The class loader will load the file from the location it finds first.
In your case, the file exists in two places:
Inside the current project itself
Inside a jar dependency
Which file will be found by the class loader,
depends on the ordering of the "current project" and the jar dependency on the classpath.
That's what you need to review,
that's the key to loading the right file.

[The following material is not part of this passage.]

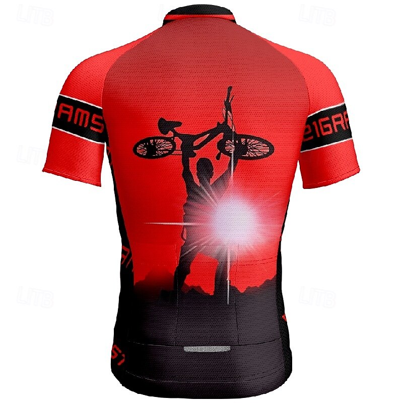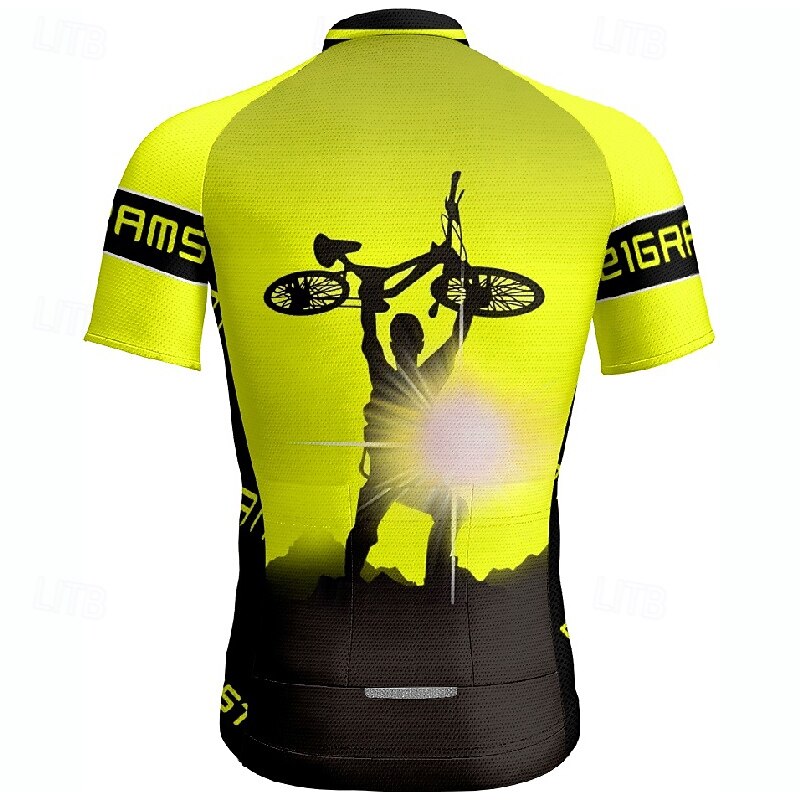 More information about Men's Cycling Jersey Letter & Number Short Sleeve Bike Tee Tshirt Jersey with 3 Rear Pockets Mountain Bike MTB Quick Dry Anatomic Design Wicking Breathable Sports Wine Red Yellow Red Clothing Apparel

Your current code is correct as it is,
this is a matter of classpath configuration.
I think
Source.fromInputStream(
getClass.getClassLoader.getResourceAsStream("/automation.properties")
)
should work.
API Docs
Source#fromInputStream
Class#getClassLoader
ClassLoader#getResourceAsStream
Java and so does SCALA, have different ways of reading properties file, in one of my answers I explain the difference between reading from properties file inside the Jar and properties file in a disk location.
See my answer HERE:
Loading Properties from a JAR file (java 1.6)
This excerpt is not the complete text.